Inspiring Older Readers
Thin Air by Michelle Paver
What’s the best way to spend a rather cold, dismal Easter day when the shops are closed and there’s no real incentive to set foot out of doors? I pondered the possibilities, scanned the bookshelves and hit the jackpot – read a spooky tale of the supernatural. Thin Air is Paver’s second excursion into ghost story territory and, having read the first, Dark Matter, I was pretty confident that I’d be in safe hands.
Thin Air isn’t set in what you might call a classic supernatural environment – ghosts and mountaineering don’t immediately strike you as natural bed-fellows I have to admit. I should confess here that I don’t really get mountaineering. I find it almost impossible to understand the cult of the mountaineer as great adventurer or hero and I’m more in sympathy with those who think the real heroes are the people who enable us to go around or through mountains rather than be forced to climb them.

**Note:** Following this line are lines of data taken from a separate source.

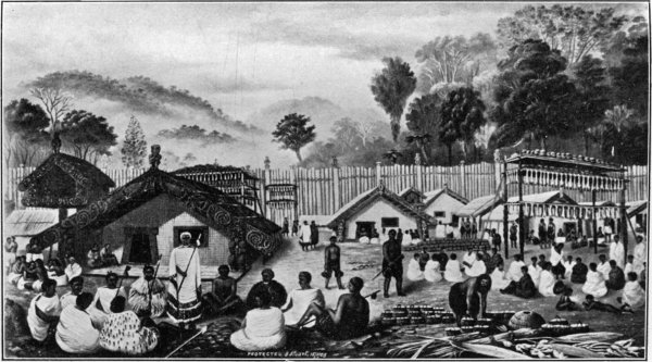 Interior of a Maori Pa, about the year 1840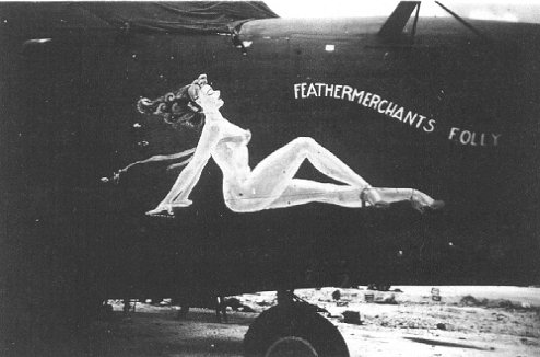 B-24 Liberator "Feathermerchants Folly" of 43rd Bomb Group - Owi Island - Netherlands East Indies - October 1944. "Feathermerchant" is slang for a "slacker in time of war" |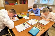 Учащиеся закрепляли счет в пределах 10, работали с карточками, развивали логическое мышление. Ребята остались довольны уроком и собой! -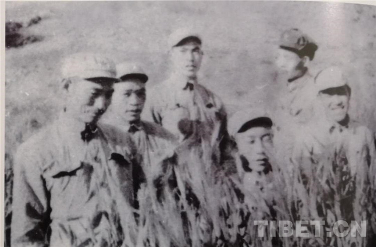 圖為1951年8月,先遣154團在生產(chǎn)基地的青稞地里分享豐收的喜悅。左起保衛(wèi)股長洪振寰、技術(shù)書記胡翼程、副正教孫從善、楊軍、郄晉武、見習(xí)干事殷繼凡。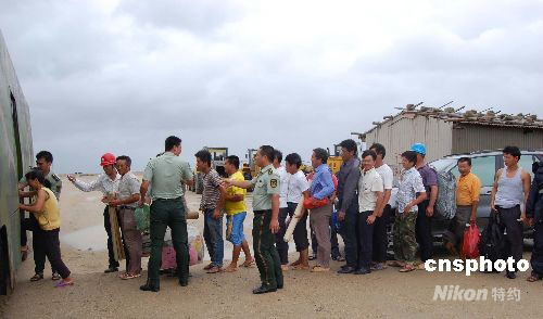 圖為邊防官兵冒著風雨用車輛將在福州新港國際碼頭施工的一百六十余位工人迅速轉(zhuǎn)移至安全地帶。中新社發(fā) 朱明海 攝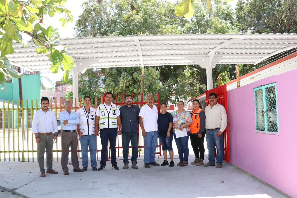 Las escuelas beneficiadas son las primarias “Salvador Pérez Mancilla” y “Juana Ramírez Suárez”, donde se construyó un pórtico en beneficio del alumnado, personal docente y administrativo, así como padres y madres de familia, para evitar su exposición directa al sol; además de los planteles “Basilio Vadillo” y “Elías Zamora Verduzco”; así como el jardín de niños “María Teresa Naranjo Villalobos”.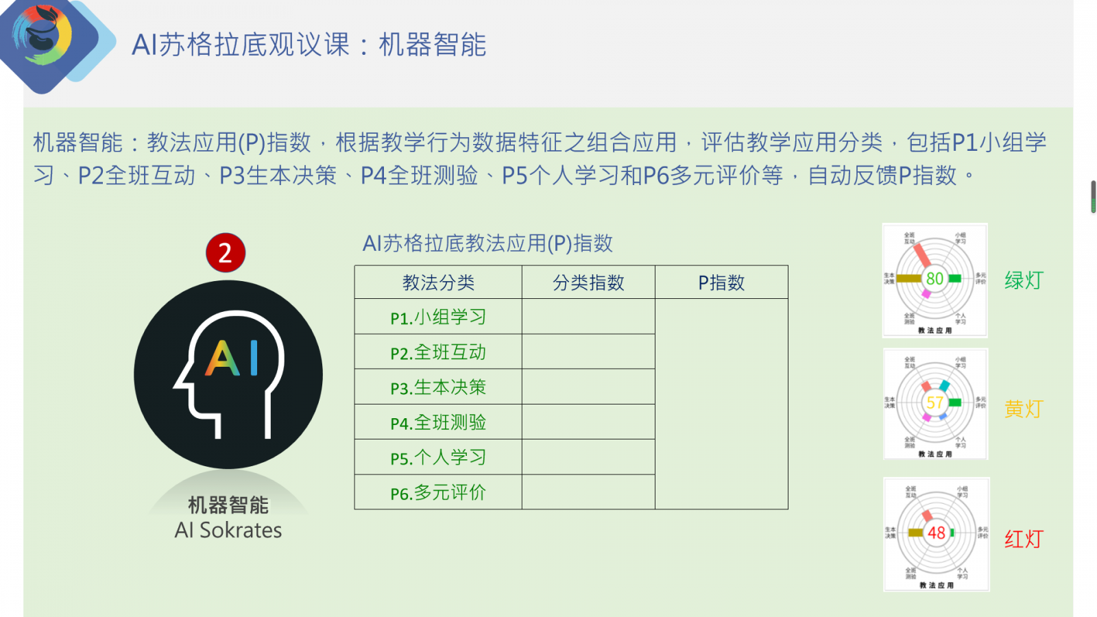 AI蘇格拉底教法應用(P)指數(shù)有六項分析指數(shù),包括P1.小組學習、P2.全班互動、P3.生本決策、P4.全班測驗、P5.個人學習、P6.多元評價等。運用這六項指數(shù),評估教學行為數(shù)據(jù)特征的有效性,有效教學行為數(shù)據(jù)特征越多,可獲得越高指數(shù), 70分以上顯示為綠燈,50-70分黃燈,50分以下為紅燈。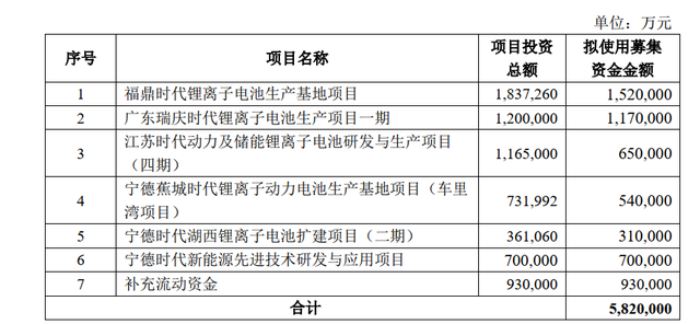 宁德时代此次拟将募资主要投向福鼎、广东、江苏、宁德等地的产能扩张项目,这部分项目合计募投金额约 419 亿元。此外,研发项目拟募投 70 亿元,补充流动资金拟募投 93 亿元。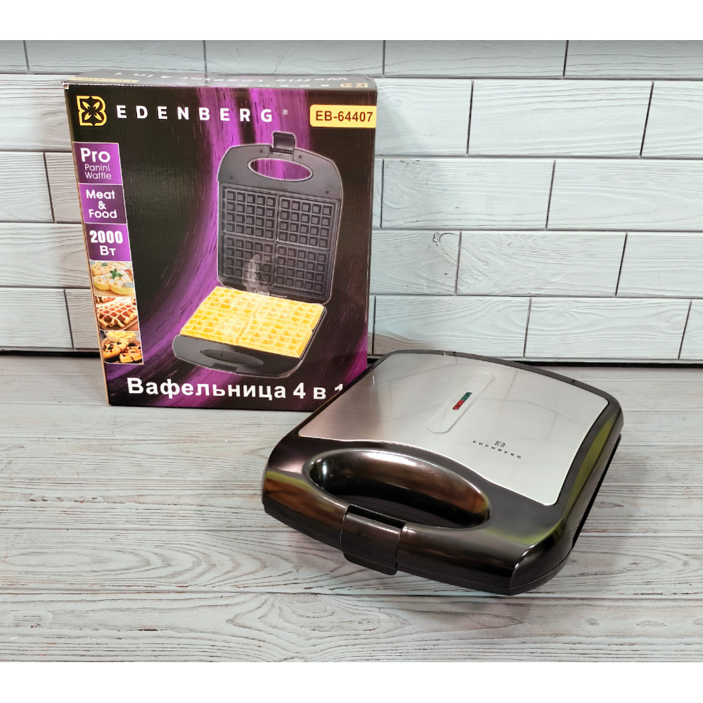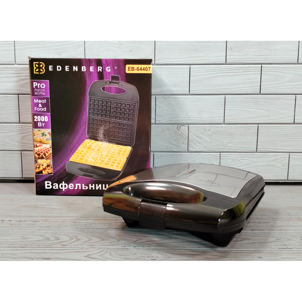 - Вафельниця Edenberg EB-64407 оснащена антипригарним покриттям, тому приготовлені хрусткі вафлі не підгоряють і не прилипають.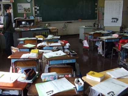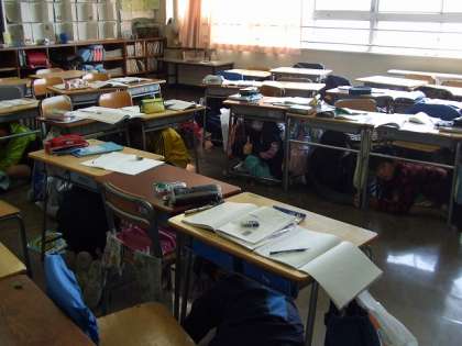 午前11時45分頃、授業中に地震が起きました。子どもたちは慌てることなく冷静に机の下に隠れました。

So I count it as something of a writing triumph that Paver’s fictional account of a 1935 expedition to climb the Himalayan peak, Kanchenjunga, had me completely riveted from the outset. As well as being an exceptionally atmospheric, spooky and oppressive read, it is also a complex and multi-faceted book that explores issues as varied as internal and external realities, class conflicts, sibling rivalry and the casual racism that so characterised the last years of Empire.
Dr Stephen Pearce has joined a team of climbers led by his charismatic but hostile older brother, Christopher (Kits), who plan to retrace a legendary climb undertaken previously by the ill-fated Lyell expedition that ended in failure and death. The inspiration for the adventure comes from the childhood years of the brothers when they were given a copy of the book about this heroic failure written by one of the only two survivors.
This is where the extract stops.